The Philippine government asked a large Muslim rebel group Wednesday to help secure the freedom of an ailing Irish priest kidnapped by outlaws, as troops surrounded a jungle logging area where he was being held.

The 11,000-strong Moro Islamic Liberation Front pledged to work for the release of 79-year-old Rev. Michael Sinnott, said rebel leader Mohagher Iqbal. It was a rare alliance between the rebels and the government, who clashed just months ago in violence that killed hundreds.

Gunmen seized Sinnott from his house in southern Zamboanga del Sur province Sunday and took him to an old mountain logging camp in nearby Lanao province, military and rebel leaders said.

In Ireland, Foreign Affairs spokesman and Labor Party President Michael D. Higgins issued an emotional appeal for Sinnott's release and asked the abductors to provide the priest, who recently underwent heart surgery, with medicine.

"Anything visited upon him is visited upon everyone in Ireland. For this reason, our Parliament wants to send a message: that we want him released and to have immediate access to the medical support that he requires," Higgins said in a statement.

The military has not ruled out the possibility that the abductors could be Muslim rebels who disobeyed a guerrilla edict prohibiting ransom kidnappings and other acts of banditry, said regional military commander Maj. Gen. Benjamin Dolorfino.

An investigation showed that a notorious pirate in Zamboanga del Sur, Guingona Samal, provided the speedboat used to spirit away Sinnott to Lanao, Dolorfino said.

He said the military would relay intelligence and other details to the Moro rebels.

Sinnott was being held near Sultan Naga Dimaporo township, where Moro guerrillas keep a heavy presence, he said. Getting the rebels to cooperate will ensure the safety of Sinnott and avoid accidental clashes between them and troops, Dolorfino said.

"He's very frail because of a recent heart surgery," Dolorfino told The Associated Press. "We will exhaust all peaceful means to get him, although there is always that last military option."

The rebels and the government just a few months ago were engaged in major clashes that killed hundreds and displaced more than half a million people in the country's south, scene of a decades-old Muslim separatist rebellion in this predominantly Roman Catholic nation.

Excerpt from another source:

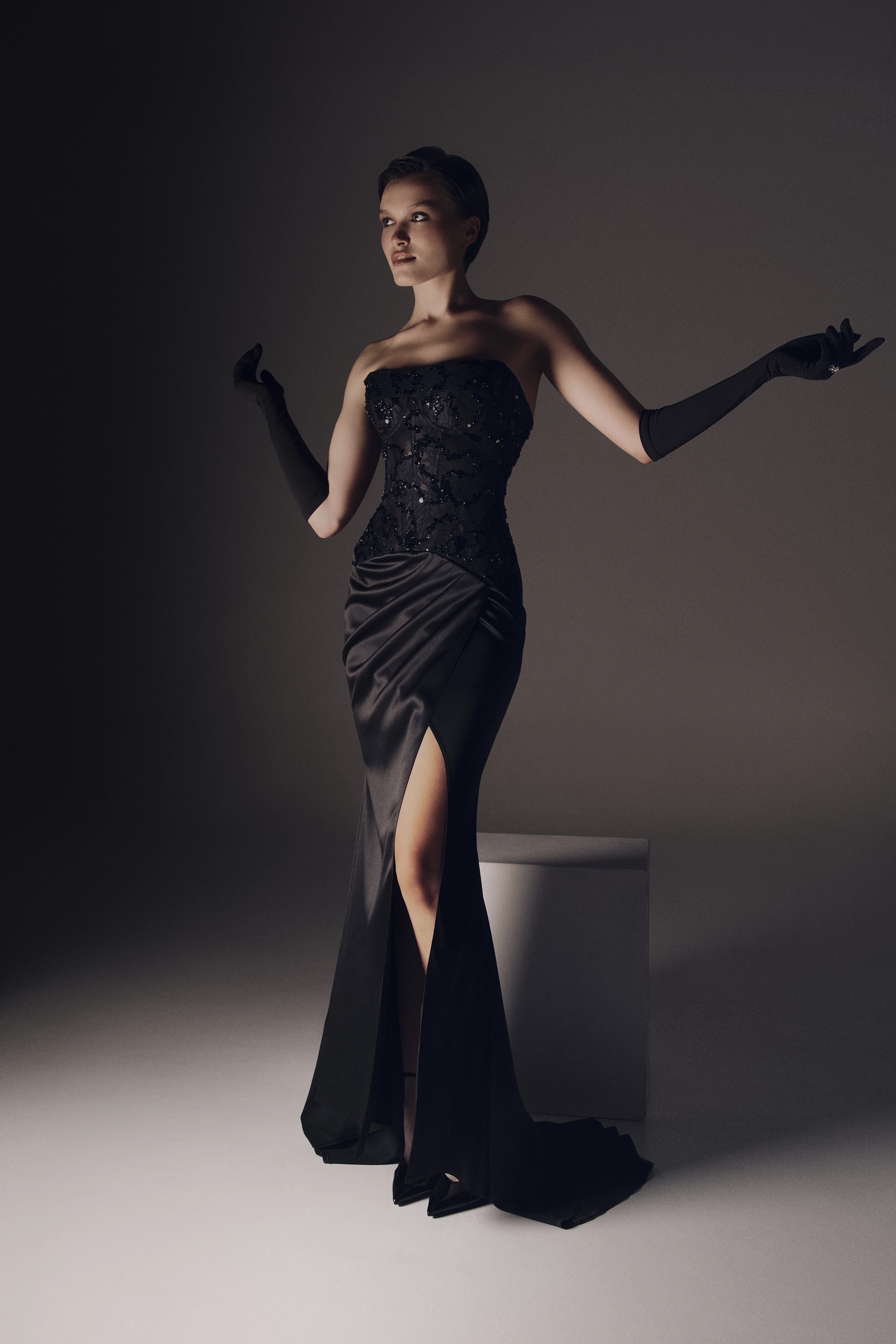 Святкова колекція Eclipse – нова лінійка KEL, яка досліджує контрасти жіночності. Чорний атлас, мереживо та срібло поєднуються з прозорими тканинами та структурними корсетами, підкреслюючи водночас силу та крихкість, рішучість і ніжність. Кожен виріб створений вручну з безкомпромісною увагою до деталей. Натхнення колекції – жінка, яка приймає свою світлу і темну сторони, знаходить баланс та впевнено крокує світом.
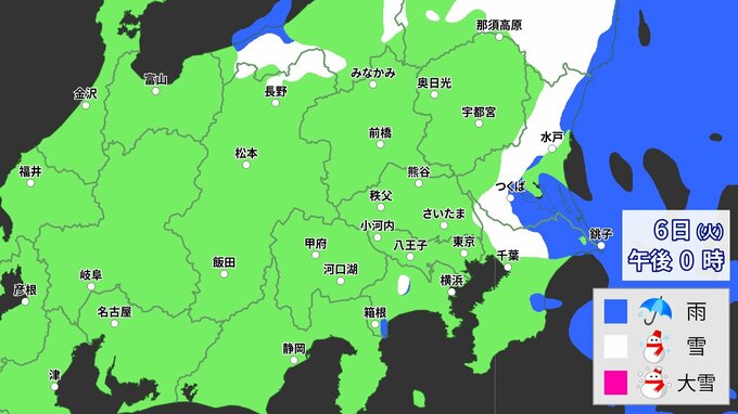 【大雪情報】東京23区も積雪か 月曜午後から関東甲信で大雪予想 1時間ごとの降雪予想 山地最大40cm大雪警戒 平地も広く積雪か 南岸低気圧が発達しながら東進 2024年2月4日(日) 17:57 国内 6日(火)午後 予想降雪シミュレーション

A truce eased the fighting, and the government used a joint cease-fire committee to ask the Moro rebels for help in ending the latest hostage crisis in the southern Philippines.

Efforts to contain the kidnappers in one area now involved hundreds of army troops. Their aim is preventing the abductors from handing over Sinnott to the Abu Sayyaf extremist group, Dolorfino said.

The 400-strong Abu Sayyaf has been suspected of getting funds and training from Al Qaeda and has been blamed for deadly bombings, beheadings and kidnappings of foreigners, including priests.